The PBS TV channel had a special on prisoners with lead on the brain. We sold the paint to China years ago, China sold it back to us on toys.
There is no such thing is private companies if the tax payers for local or federal government is providing the money. When have you printed a story that the major and sub jobs are downsizing as long as the taxpayer can be ripped off. I just wished you had cover these points, instead of that job training and education for prisoners. The country clubs members would have to find other types of training and works.
Striped naked maced and beaten for a stop sign infraction. (CHECK IT OUT ON UTUBE)
Happen on Sept. 1 2007 info in the video. If you can help please email me at damien_guarniere@hotmail.com. or call (910) 897-4529. Sheriff has been removed from office for embezzlement. The gov of our state Mike Easley was the District Attorney in Brunswick Co NC where he lock up the poor and brought business to the lawyers, judges, police, ect. And the drugs are still sold out in the open back by law enforcement. Dead beat dad's who don't pay child support sit in jail with no court date. That money could be going to the children if we really cared about the children. 16 17 yr old housed and showering with the adult prisoners in this jail. Where is Chris Hanson (Dateline) to catch a preator when your locking up the children with the preators. War on the poor. Ain't America great. How about someone asking about the other war we've lost on drugs. You don't arest a overweight person for eating unhealthy. So why in the name of public safty are we so into jailing drug users. I don't need my goverment to protect me from me. I need my goverment to protect my freedom not take it away. When Martha Stewart is going to jail watch out your next. Oh yeah Michale Vick he ain't gonna be no dog lover after doing his time. If you really wanted to help dogs you have let him play football and gave the money he made to the human socitiy. If our goverment ran as good as the parking tickect enforcement division runs in Hollywood CA we be well off. Unfortunally we have a goverment who get paid for not doing anything except shipping our jobs overseas and waisting taxpayers money on public safty. Yeah I haven't been proud of America for a long time either and I served our country. I'm proud of alot of the people just not our laws or politions. I praying for change. Want to fix the economey. Pay everyone a living wage everwhere in the world. If you work all day and can't pay the bills your captolisom is not working.
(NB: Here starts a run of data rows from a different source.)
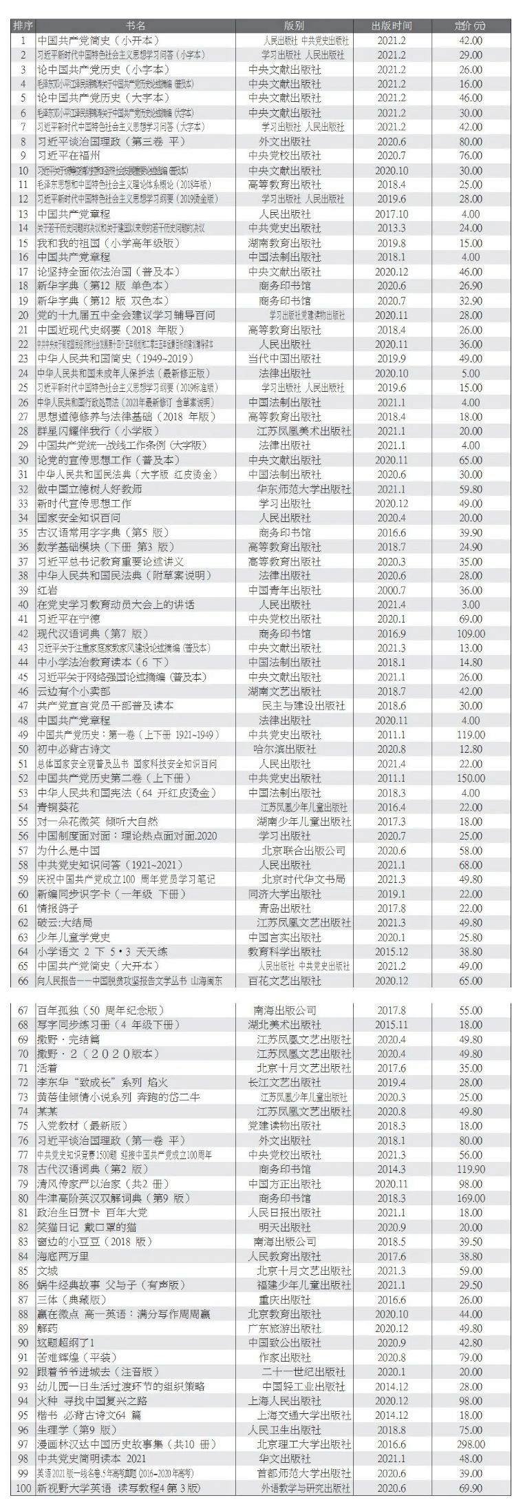 表2 2021年5月图书零售线上市场TOP100(按销量降序排列)
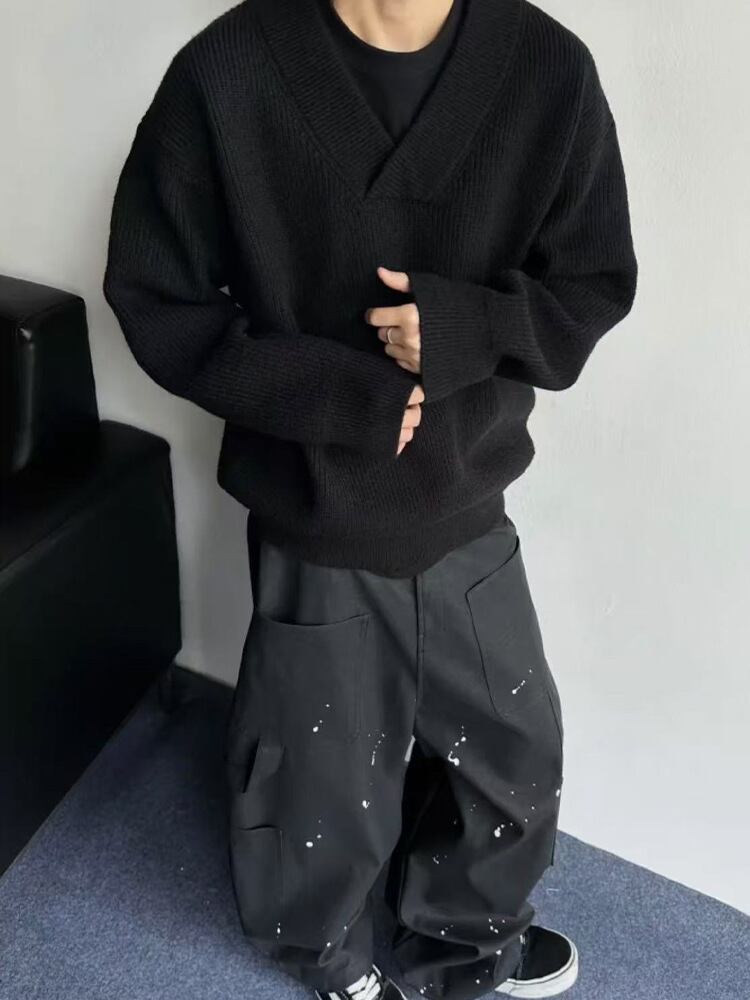 深めのVネックとルーズなシルエットが、抜け感のあるモードストリートを演出。
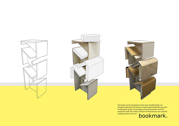 The books we are currently reading can easily be misplaced or the page lost. This slimline bookcase can solve these problems. The bookcase stores a minimum of four books, holding them open at the current page. This makes a feature of the book you are currently reading and also acts as a bookmark.
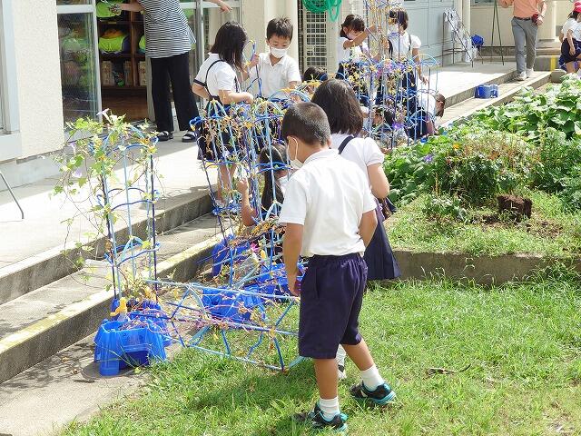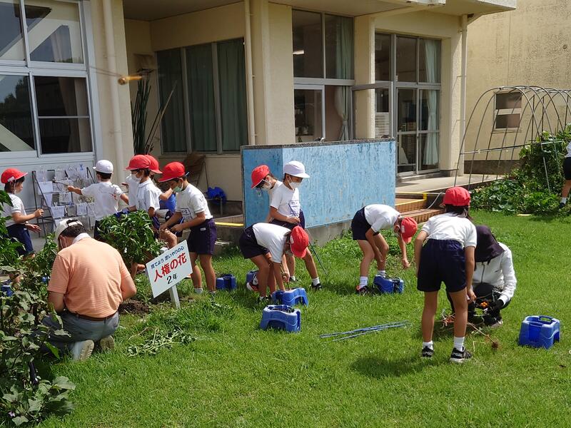 9月7日、急遽ミニ愛校作業をしました。台風11号に備えて屋内に移動していた鉢や掃除道具などをもとの場所に戻したり、落ち葉や枝を回収したりしました。全校児童で作業内容を分担して行い、25分間の活動でした。
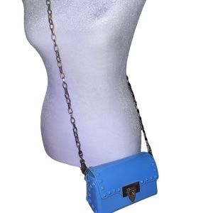 Light blue plastic material purse with gold chain and clasp. Offers welcome.

There is a book called "How to Arrest Proof yourself".
Anyone in this country (USA) that believes only 'criminals' go to jail, this book is for you.
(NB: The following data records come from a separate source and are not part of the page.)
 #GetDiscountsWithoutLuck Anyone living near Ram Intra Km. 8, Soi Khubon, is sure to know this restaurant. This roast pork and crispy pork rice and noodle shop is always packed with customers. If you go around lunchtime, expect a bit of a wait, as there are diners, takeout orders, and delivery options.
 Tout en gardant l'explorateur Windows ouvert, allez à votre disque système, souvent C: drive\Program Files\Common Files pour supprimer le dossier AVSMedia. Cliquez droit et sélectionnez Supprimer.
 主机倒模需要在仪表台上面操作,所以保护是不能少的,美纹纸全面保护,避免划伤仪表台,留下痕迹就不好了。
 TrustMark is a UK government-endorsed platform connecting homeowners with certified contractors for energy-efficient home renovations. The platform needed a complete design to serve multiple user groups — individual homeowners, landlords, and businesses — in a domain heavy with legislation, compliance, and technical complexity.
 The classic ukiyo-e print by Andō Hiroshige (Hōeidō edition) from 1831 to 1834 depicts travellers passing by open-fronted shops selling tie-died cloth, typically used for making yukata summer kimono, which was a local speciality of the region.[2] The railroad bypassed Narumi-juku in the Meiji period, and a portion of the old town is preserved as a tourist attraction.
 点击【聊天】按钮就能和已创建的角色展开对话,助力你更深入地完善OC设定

Law enforcement is better trained, better equipped and out to get you. They can run you license plate sitting at a stop light, they call it BINGO!
It is a joke to them. Everything is set up to 'catch' you doing something wrong.
Ever late with your auto license or registration?
What about all you mothers out there, do you know it is a Felony to not have a child seat in your car????
(Yes, yes, yes, a child should be in a proper child seat, but a felony?)